There are numerous cases of gradual morphometric change in species over time. Because of the near-completeness of fossil records found in marine sediment core samples, some of the most convincing examples are species of shelled marine protists. Motoyama (1997) reported that the protozoan Cycladophora davisiana underwent a "relatively rapid decrease in thorax size with a reduction of the spongy appendage. This change occurred during about 0.4 m.y.(s/b "mya?") from 2.8 to 2.4 Ma without cladogenesis. Following this interval, a decrease in thorax size continued gradually up to the Recent, resulting in very small morphology." Kuwahara (1997) and Raffi et al. (1998) provide similar results with other species of calcareous nannofossils.
Regarding one specific genus of fossil shark teeth, Cappetta (1987, p. 108) observed:
"Squalicorax represents a homogeneous group, with a lineage (S. falcatus – S. kaupi – S. pristodontus) showing a clear increase in tooth size, an increasingly blunt apical angle, a gradually smaller heel in relation to the cusp, with the disappearance of the notch separating the heel from the distal cutting edge of the cusp, a progressive enlargement and a more and more marked labio-lingual flattening, and finally an emphasized serration of the cutting edges."
Our data suggests there is evidence of an analogous change in the upper teeth of Hemipristis serra during the Miocene: they increased in size and their edges became more nearly completely serrated. While the differences do not serve to distinguish individual teeth, the differences between the various populations' samples are unequivocal. Unlike Squalicorax, there is no discernable change in other morphological characters, and thus no strong support for speciation events.
There are challenging problems associated with the study of specimens from disturbed sediments. As stated earlier, the possibility of contamination here was very real, given the nature of the Lee Creek mining operations. Even with a "pure" sample the assignment of a numerical value for age (to be used in regression modeling) necessarily requires some geochronologic compromises. In spite of these issues the statistical models give useful information.
Analysis was conducted using multiple linear regression of ratio on two explanatory variables: the distal edge length and the geologic age of the teeth. This showed strong evidence that geologically older teeth tended to be smaller with fewer serrations and larger teeth tend to have smaller ratio (shorter unserrated tip relative to total edge length). In addition, the regression showed strong evidence that there is some remaining variation in ratio (after having accounted for tooth size differences) that can be attributed to the differences in geologic age of the different samples.
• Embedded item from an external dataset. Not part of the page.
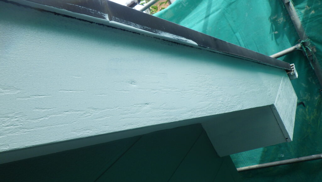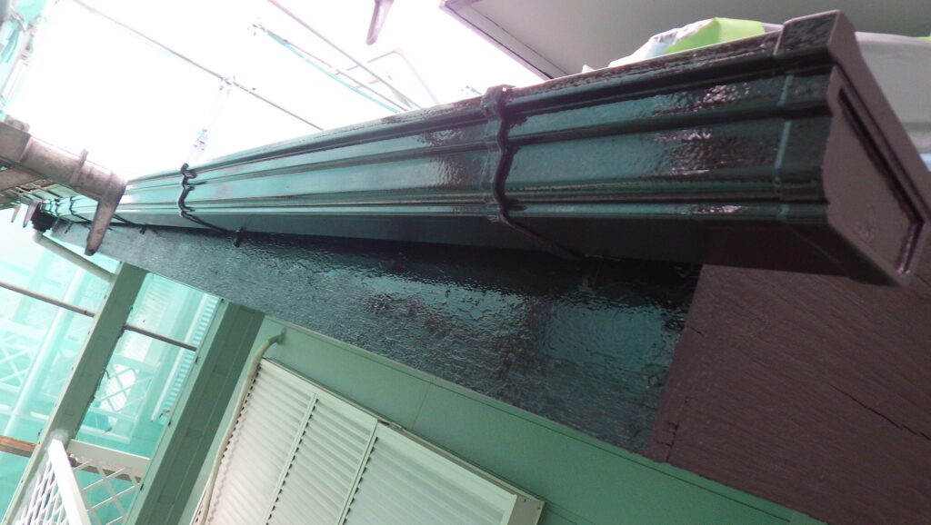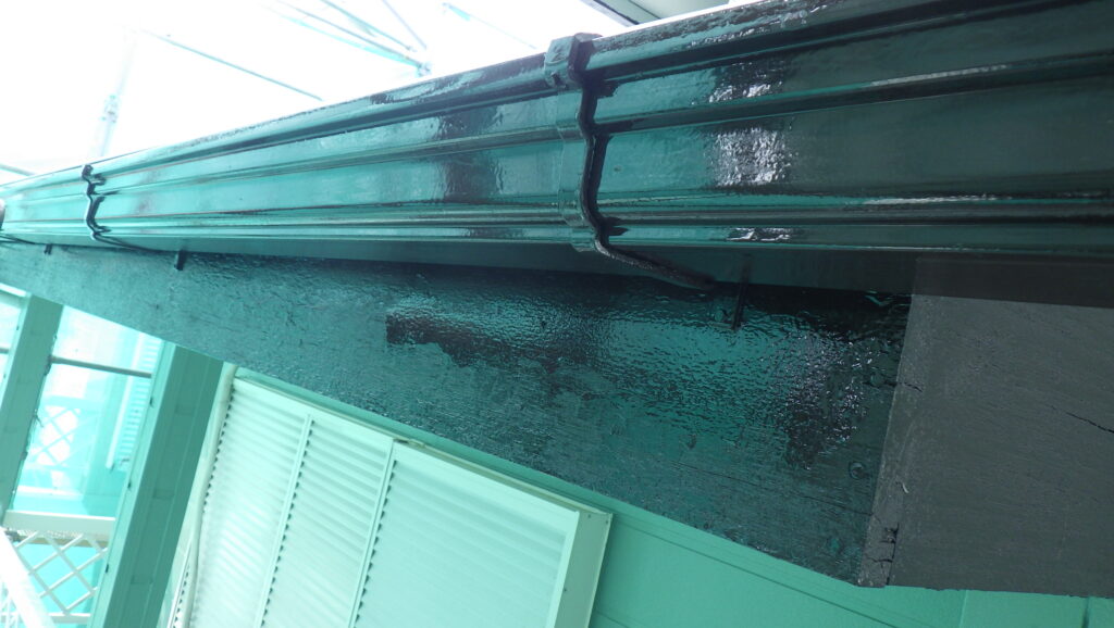 破風・鼻隠しの中塗り塗装と雨樋の一回目塗装が終わりました。

In other words, for teeth with similar overall size, those from the geologically older groups tend to have a larger ratio (longer unserrated tip).
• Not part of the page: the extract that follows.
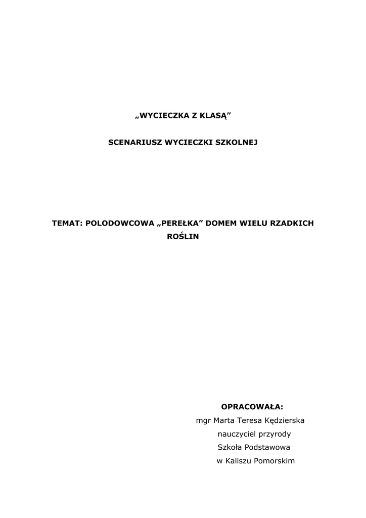 „WYCIECZKA Z KLASĄ” SCENARIUSZ WYCIECZKI SZKOLNEJ TEMAT: POLODOWCOWA „PEREŁKA” DOMEM WIELU RZADKICH ROŚLIN OPRACOWAŁA: mgr Marta Teresa Kędzierska nauczyciel przyrody Szkoła Podstawowa w Kaliszu Pomorskim CZAS: maj-czerwiec – 6 godzin KLASA: VI MIEJSCE: Ścieżka edukacyjna - jeziorko śródleśne „Perełka” (koło Kalisza Pomorskiego) RODZAJ WYCIECZKI: wycieczka piesza CELE GŁÓWNE WYCIECZKI: - wykorzystywanie naturalnego piękna jeziorek śródleśnych do rozbudzania oraz rozwijania wrażliwości estetycznej i moralnej, - rozbudzanie i rozwijanie indywidualnej aktywności twórczej, - kształtowanie pozytywnych postaw wobec tego, co stworzyła natura, - kształtowanie właściwych zachowań młodzieży dotyczących poszanowania każdej formy życia, - zapoznanie z genezą powstania jeziorka „Perełka”, - wzbogacanie swojej wiedzy o najbliższej okolicy i jej bogactwach„patriotyzm lokalny”. CELE OPERACYJNE (UCZEŃ): - stosuje poznane zasady zachowania się w lesie, - czyta mapę topograficzną, - orientuje mapę i określa kierunek świata, w jakim należy się udać, by dojść do jeziorka, - maszeruje „na azymut”, - wyszukuje i dobiera fakty, dane potrzebne do opisu wybranej rośliny, - skutecznie rozwiązuje zagadki, - skutecznie wykorzystuje dane zawarte w broszurce, - wskazuje gatunki roślin, - opowiada o wybranym gatunku rośliny, będącym przedmiotem zagadki, 2 - wyjaśnia potrzebę ochrony lasu, oczek śródleśnych jako domu roślin i zwierząt, - określa, co jest zagrożeniem dla oczek śródleśnych, - kulturalnie prowadzi dyskusję, - szkicuje roślinę, która była przedmiotem jego poszukiwań, - planuje, w jaki sposób wykorzystać wypracowane na wycieczce materiały, - prowadzi obserwacje bezpośrednie z wykorzystaniem lornetki, - występuje przed grupą, wypowiada się stosując wszelkie prawidła polskiej mowy. POMOCE: - kontrakt z „Prawem lasu” (fragmenty), - lornetki, - kompasy, - mapa terenu (z Nadleśnictwa Kalisz Pomorski), - lupy (przynajmniej 2 sztuki) - kartki z bloku rysunkowego (format A4), - ołówki, - teczka na wypracowane materiały, - opracowania wykonane na podstawie literatury fachowej spięte w broszurę (10 sztuk), - zadania - zagadki dla zespołów (10 sztuk), - „Zielony liść” - przypinka w formie broszki dla najaktywniejszych uczestników wycieczki. PRZEBIEG WYCIECZKI: I. Prace porządkowe: - zbiórka przy szkole, - sprawdzenie obecności, - podane celu i zadań wycieczki, 3 - przedstawienie leśnika- osoby wspierającej opiekuńczo i merytorycznie wycieczkę, - sprawdzenie przygotowania się do wycieczki pieszej (ubiór, drugie śniadanie, środki do szkicowania i obserwacji), - przydzielenie kompasów, - krótkie przypomnienie o zachowaniu zasad bezpieczeństwa podczas marszu ulicą i w terenie, - wymarsz zorganizowaną grupą (parami). II. Wycieczka na obrzeżach lasu: 1. Odczytanie przez leśnika kontraktu z „Prawami lasu”: - krótka dyskusja nad zakazami i nakazami w prawie leśnym, tłumaczenie ich potrzeby, - złożenie pieczęci palcem maczanym w glebie ścieżki na znak przyjęcia kontraktu. 2. Czytanie mapy - odnalezienie miejsca, gdzie leży „Perełka”. 3. Orientowanie mapy przez chętnego uczestnika wycieczki - przypomnienie, jak należy zorientować mapę. 4. Ustalenie, w jakim kierunku w terenie należy maszerować (SW): - odblokowanie kompasów - kontrolowanie na kompasie trasy wycieczki. 5. Przejście nad oczko śródleśne „Perełka”. 6. Odczytanie przez ucznia z tablicy informacyjnej opracowanej przez Nadleśnictwo Kalisz Pomorski informacji o genezie jeziorka (oczko polodowcowe) - dyskusja, zapytania uczniów, wymiana informacji. III. Poszukujemy skarbów flory jeziorka „Perełka”: 1. Podział klasy na 10 trzyosobowych zespołów. 2. Przydział broszur i losowo wybranych zagadek - zadań dla grup. 3. Praca w grupach Nazwa jakiej rośliny jest rozwiązaniem zagadki? Znajdź ją i przygotuj się do zdania krótkiej relacji o niej przed całą grupą. 4 IV. Prezentacja najcenniejszych gatunków roślin otoczenia i toni jeziorka „Perełka” Prowadzący czuwają nad prawidłowością i formą przekazu-odbioru. V. Podsumowanie wyników obserwacji i poszukiwań: - wymienianie gatunków poznanych roślin (o pięknych kwiatach, o ciekawie wykształconych liściach, trujących…), - podawanie miejsc, gdzie w okolicy Kalisza Pomorskiego można oglądać poznane gatunki roślin, - wymiana poglądów na temat realnych zagrożeń mogących doprowadzić do unicestwienia tego miejsca. VI. Relaks i planowanie: 1. Posiłek w terenie 2. Obserwacje z użyciem lupy (zapytania do prowadzących) 3. Obserwacje przez lornetkę niedostępnej w okresie lata wysepki opowiadanie leśnika o gatunkach roślin tam występujących i ich przystosowaniach. 4. Wykonanie szkicu opisywanej wcześniej rośliny z zachowaniem zasad szkicowania. 5. Zebranie szkiców jako pamiątki - dokumentu z wycieczki. 6. Podawanie pomysłów na wykorzystanie szkiców, broszury i zagadek: - sporządzenie albumu flory „Perełki” - zatrzymanie go w gabinecie przyrodniczym, oddanie do biblioteki szkolnej i miejskiej, - skanowanie szkiców na lekcjach informatyki - stworzenie bazy danych o jeziorku „Perełka” na potrzeby szkoły, miasta - w formie reklamy, - stworzenie prezentacji multimedialnej tego miejsca i szersze rozreklamowanie „Perełki”, np. przesyłając ją do innych szkół, gmin, drużyn harcerskich, przyrodników. VI. Podsumowanie pracy zespołowej i indywidualnej na zajęciach w terenie - wyróżnienie najaktywniejszych „Zielonym liściem”. 5 VII. Uporządkowanie terenu ścieżki edukacyjnej wokół jeziorka „Perełka”. Zbiórka i powrót. ANEKS I. ZAGADKI DLA GRUP: 1. Liście moje okrągławe pływają po wodzie, a wśród nich niby gwiazdy uśmiechają się kwiaty… (Grążel żółty) 2. Liście moje, jak dłonie wystają z brzegów „Perełki”, lecz ja mam siedem palców, a ty pię

The models were tested on two other species, H. curvatus (Eocene) and H. elongata (Recent). The linear model did not predict well for either of these species. The quadratic (in age) model predicted surprisingly well for the small sample of H. curvatus teeth, but not for the sample of H. elongata teeth. In future work it would be interesting to see how well this model works for a population of Lower Oligocene Hemipristis teeth.
We can only speculate why larger, more completely serrated teeth might confer a selective advantage. Perhaps Hemipristis' preferred prey changed over time. A frequently offered premise for the megatoothed shark Carcharocles teeth's gradual increase in size between the Eocene and Pliocene is that its preferred prey (cetaceans) increased in size during this same time frame. The extant species, Hemipristis elongata, today eats "a variety of fish prey, including anchovies, sea catfish, Bombay ducks (Harpadon), mackeral, croakers, grey sharks (Carcharhinus) and butterfly rays (Gymnura) (Compagno 1984, p. 441)."
The Belgrade Formation exposed in the Belgrade quarry is thought to have been an onshore environment (Harris and Zullo 1991). The Pungo River sediments are thought to have originated in a middle to outer shelf environment (Gibson 1983). The three members making up the Yorktown Formation in the Lee Creek Mine have been described as deposited in middle neritic, outer neritic, and middle to outer neritic environments, respectively, with ocean temperatures probably not much different from those of present-day eastern North Carolina (Snyder et al. 2001). All three of these environments (Belgrade, Pungo River, and Yorktown) would have contained the type of prey, which supports the extant species. Cappetta (1987) has described Hemipristis as having a cutting-clutching dentition: the spike-like lower teeth hold the prey while upper jaw teeth with their serrated edges cut like a steak knife. The Pungo River and Yorktown environments in the area where the Lee Creek Mine is now located contained large numbers of cetaceans. It is not inconceivable that Hemipristis serra, given its formidable dental equipment, preyed or scavenged on these as well, particularly during the Late Miocene and Pliocene. The increase in size of its teeth, with their more completely serrated edges, would surely have been advantageous for preying on cetaceans.